FAQ
Frequently Asked Questions
What is the ISCSLP 2026 CoT-TTS Challenge?
The ISCSLP 2026 CoT-TTS Challenge focuses on Chain-of-Thought Reasoning for Context-Aware Text-to-Speech. Given dialogue context, a target sentence, and a reference speech sample, participating systems are expected to infer how the target sentence should be spoken, generate an explicit reasoning analysis, and synthesize speech that matches both the context and the reference speaker's timbre.
What does CoT-TTS mean?
CoT-TTS stands for Chain-of-Thought Text-to-Speech. Instead of requiring users to manually provide style prompts such as "angry," "sad," or "excited," the system should reason from the previous context and decide the appropriate speaking style automatically.
Who can participate in the challenge?
The challenge is open to teams and individuals from academia and industry. Researchers, students, and engineers working on text-to-speech synthesis, speech foundation models, spoken dialogue systems, multimodal learning, and expressive speech generation are welcome to participate.
How do we register for the challenge?
Registration is handled through the official Google Form. Teams should complete the form by July 4, 2026 so organizer-side registration and later system submissions stay matched correctly.
What are the tracks in this challenge?
The challenge contains two tracks. Track 1 is Text-Context-Aware CoT-TTS, where the system receives previous dialogue turns as speaker-labeled text. Track 2 is Audio-Context-Aware CoT-TTS, where the system receives the previous dialogue as a continuous audio segment.

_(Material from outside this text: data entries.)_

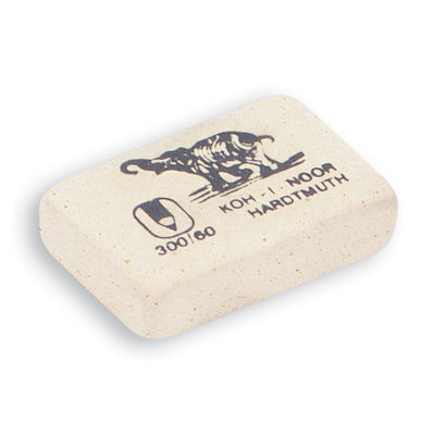 Ластик Koh-I-Noor белого цвета. Ластик имеет компактные размеры. Изготовлен с добавлением каучука. Ластик подходит для стирания графитовых рисунков и надписей, не оставляет разводов, не царапает поверхность. Размер ластика: 30x20x7 мм.
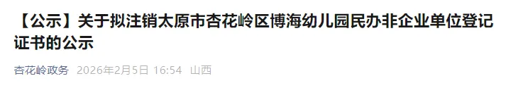 我单位于2026年2月4日受理太原市杏花岭区博海幼儿园申请注销民办非企业单位登记证书的材料,统一社会信用代码:52140107MJY539541C。按照《民办非企业单位登记管理暂行条例》第十六条、第十七条、第十八条规定,拟决定注销太原市杏花岭区博海幼儿园民办非企业单位登记证书,现予以公示,公示期7个工作日(2026年2月5日—2026年2月13日)。
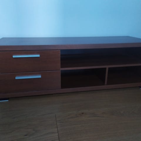 Valkoinen tv-taso. Toisessa ovessa musta viiva. Leveys: 130cm
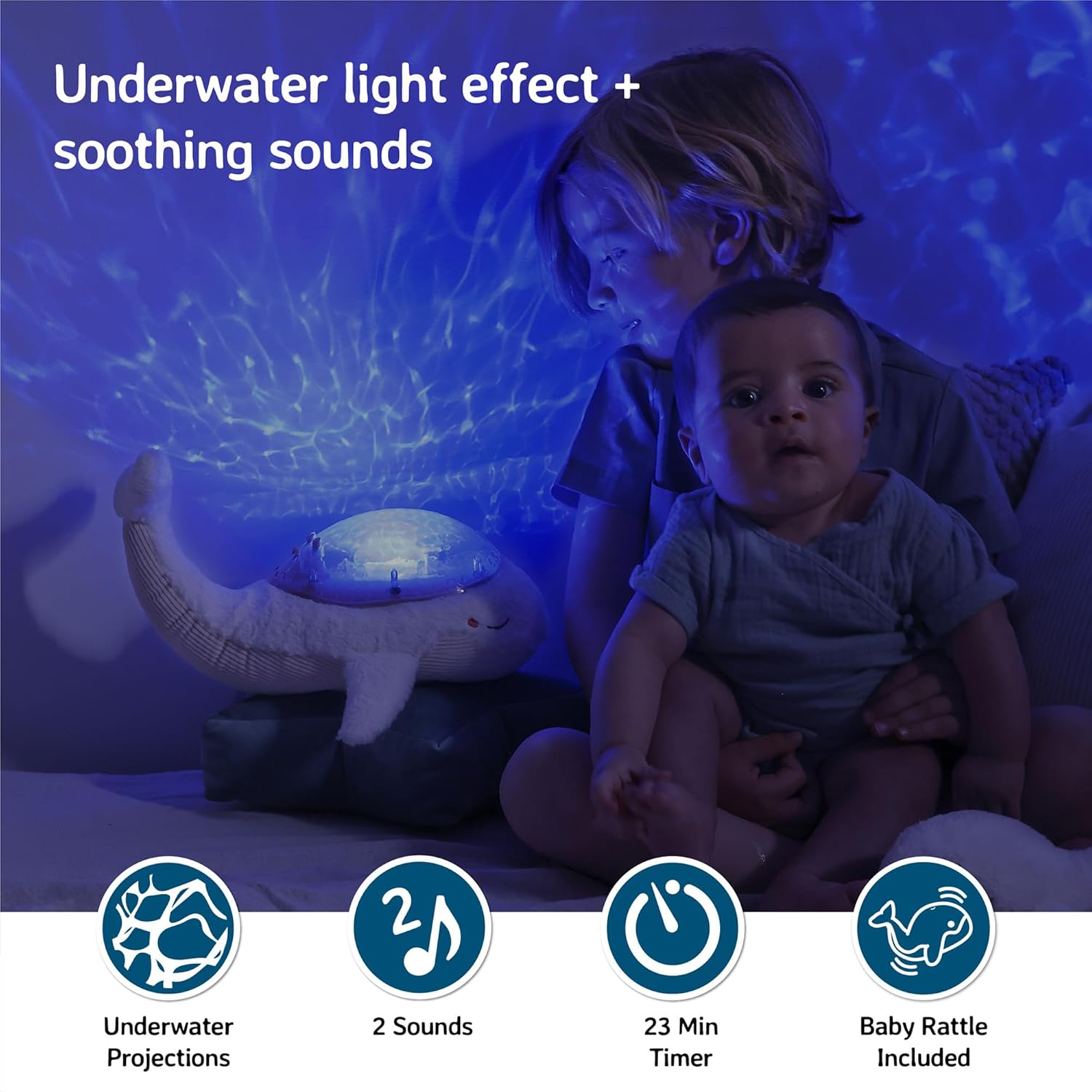 Cloud b Ocean Projector Nightlight with White Noise Soothing Sounds | Adjustable Settings and Auto-Shutoff | Tranquil Whale Family - White

What should a submitted system generate?
For each test sample, the system should generate two outputs: a reasoning analysis and a speech waveform. The reasoning analysis should explain the intended speaking manner of the target sentence, while the generated speech should preserve the reference speaker's timbre and remain consistent with the inferred speaking style.
Can we use external datasets or pretrained models?

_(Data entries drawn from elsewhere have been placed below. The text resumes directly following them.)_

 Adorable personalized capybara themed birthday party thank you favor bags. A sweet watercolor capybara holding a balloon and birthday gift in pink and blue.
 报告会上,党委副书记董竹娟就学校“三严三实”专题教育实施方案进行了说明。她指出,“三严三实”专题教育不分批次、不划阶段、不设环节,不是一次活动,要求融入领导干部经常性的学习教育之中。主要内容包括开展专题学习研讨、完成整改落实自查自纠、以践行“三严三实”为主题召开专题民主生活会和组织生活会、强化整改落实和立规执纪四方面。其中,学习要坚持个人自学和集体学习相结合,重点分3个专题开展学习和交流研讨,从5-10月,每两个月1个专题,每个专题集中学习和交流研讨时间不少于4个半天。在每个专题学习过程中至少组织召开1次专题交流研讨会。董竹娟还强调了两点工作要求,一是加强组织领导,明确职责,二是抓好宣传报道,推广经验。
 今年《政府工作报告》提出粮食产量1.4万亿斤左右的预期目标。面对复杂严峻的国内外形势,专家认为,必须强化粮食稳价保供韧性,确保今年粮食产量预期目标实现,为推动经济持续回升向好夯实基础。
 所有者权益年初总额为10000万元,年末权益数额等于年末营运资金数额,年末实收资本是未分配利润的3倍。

Yes. Participants may use external datasets and publicly available pretrained models, as long as they are permitted for academic research. Any external data, pretrained models, synthetic data, data augmentation strategies, or post-processing methods must be clearly described in the system description paper.
Are cascaded ASR-LLM-TTS systems allowed?
No. Cascaded systems such as ASR-LLM-TTS pipelines are not allowed. Participants are expected to build end-to-end systems that directly perform context-aware reasoning and speech generation.
What is the parameter-constrained category?
Each track includes a parameter-constrained category for systems with fewer than 1B parameters during inference. This category is designed to encourage efficient modeling and make the challenge more accessible to teams with limited computational resources.
How will submissions be evaluated?
The final score will combine objective evaluation, LLM-based evaluation, and human subjective evaluation. Objective metrics will measure factors such as speech quality, intelligibility, speaker similarity, prosody, and efficiency. LLM-based evaluation will assess the reasoning output and its consistency with the generated speech. Human evaluation will focus on contextual coherence, reasoning accuracy, reasoning informativeness, and speech-reasoning consistency.
What should be included in the submission?
Each submission should include the inference code, runtime environment, trained model or checkpoints, and a short system description paper. The inference code must be executable on the official evaluation set and should generate both reasoning analyses and speech waveforms. The submitted system must run without internet access during official evaluation.